TASK PROMPT: Check each line of the records below and collect those that include the word "مرکزی".
*** Opening of MATERIAL SHOWN ***
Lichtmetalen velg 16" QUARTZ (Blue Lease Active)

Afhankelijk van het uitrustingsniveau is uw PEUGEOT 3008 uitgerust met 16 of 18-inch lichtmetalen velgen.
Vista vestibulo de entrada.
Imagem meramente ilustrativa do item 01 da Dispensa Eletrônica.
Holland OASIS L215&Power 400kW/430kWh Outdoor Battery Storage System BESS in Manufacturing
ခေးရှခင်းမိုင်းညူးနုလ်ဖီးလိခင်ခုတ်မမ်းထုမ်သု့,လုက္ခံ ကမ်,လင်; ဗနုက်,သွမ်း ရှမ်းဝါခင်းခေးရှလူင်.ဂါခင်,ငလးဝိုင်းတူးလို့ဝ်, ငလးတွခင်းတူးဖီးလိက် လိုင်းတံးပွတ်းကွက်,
*** Close of MATERIAL SHOWN ***
*** Opening of MATERIAL SHOWN ***
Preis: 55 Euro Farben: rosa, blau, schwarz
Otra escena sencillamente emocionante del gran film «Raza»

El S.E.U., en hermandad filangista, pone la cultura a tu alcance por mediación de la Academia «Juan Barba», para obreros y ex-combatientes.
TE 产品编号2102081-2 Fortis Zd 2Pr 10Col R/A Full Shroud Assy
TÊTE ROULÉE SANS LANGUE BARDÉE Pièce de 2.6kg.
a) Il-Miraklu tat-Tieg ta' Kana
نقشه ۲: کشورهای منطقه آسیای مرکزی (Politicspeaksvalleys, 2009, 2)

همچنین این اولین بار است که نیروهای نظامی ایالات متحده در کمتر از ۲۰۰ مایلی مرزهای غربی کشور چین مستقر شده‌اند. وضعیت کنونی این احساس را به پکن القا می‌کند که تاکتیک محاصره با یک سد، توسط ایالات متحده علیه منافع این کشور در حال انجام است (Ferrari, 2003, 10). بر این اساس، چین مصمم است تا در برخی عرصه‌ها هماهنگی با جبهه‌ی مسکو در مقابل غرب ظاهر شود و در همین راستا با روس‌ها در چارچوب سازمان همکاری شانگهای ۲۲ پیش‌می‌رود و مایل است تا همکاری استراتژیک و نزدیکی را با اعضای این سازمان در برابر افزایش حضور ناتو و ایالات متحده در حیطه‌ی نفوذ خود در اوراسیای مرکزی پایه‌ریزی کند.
*** Close of MATERIAL SHOWN ***
*** Opening of MATERIAL SHOWN ***
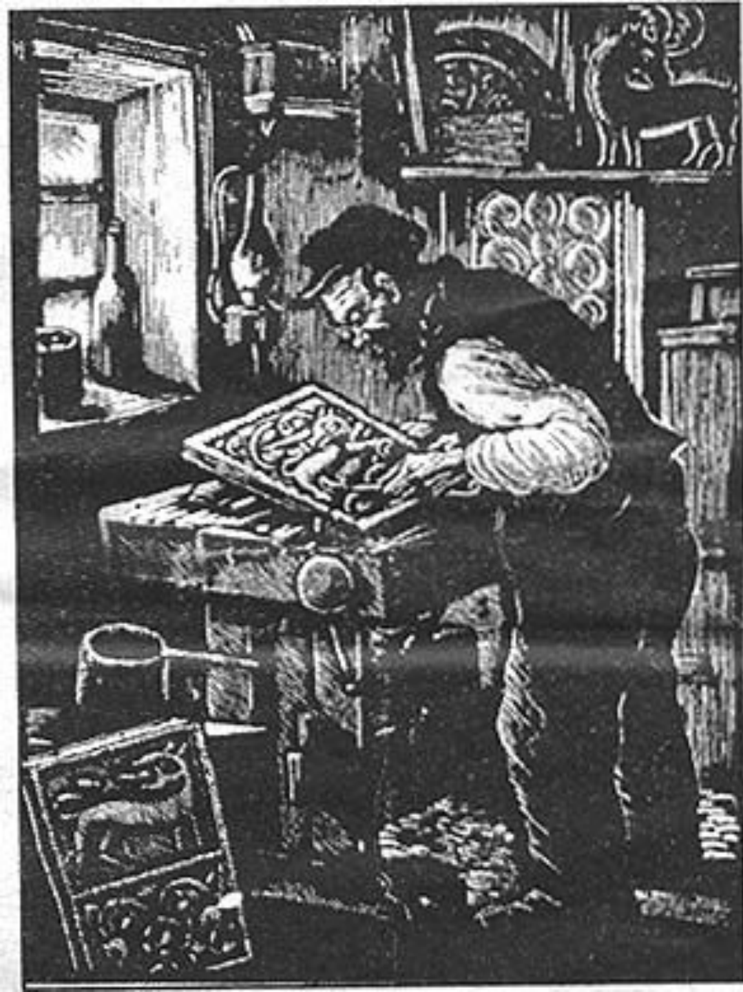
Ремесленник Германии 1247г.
*** Close of MATERIAL SHOWN ***
ANSWER BOX:
نقشه ۲: کشورهای منطقه آسیای مرکزی (Politicspeaksvalleys, 2009, 2)
همچنین این اولین بار است که نیروهای نظامی ایالات متحده در کمتر از ۲۰۰ مایلی مرزهای غربی کشور چین مستقر شده‌اند. وضعیت کنونی این احساس را به پکن القا می‌کند که تاکتیک محاصره با یک سد، توسط ایالات متحده علیه منافع این کشور در حال انجام است (Ferrari, 2003, 10). بر این اساس، چین مصمم است تا در برخی عرصه‌ها هماهنگی با جبهه‌ی مسکو در مقابل غرب ظاهر شود و در همین راستا با روس‌ها در چارچوب سازمان همکاری شانگهای ۲۲ پیش‌می‌رود و مایل است تا همکاری استراتژیک و نزدیکی را با اعضای این سازمان در برابر افزایش حضور ناتو و ایالات متحده در حیطه‌ی نفوذ خود در اوراسیای مرکزی پایه‌ریزی کند.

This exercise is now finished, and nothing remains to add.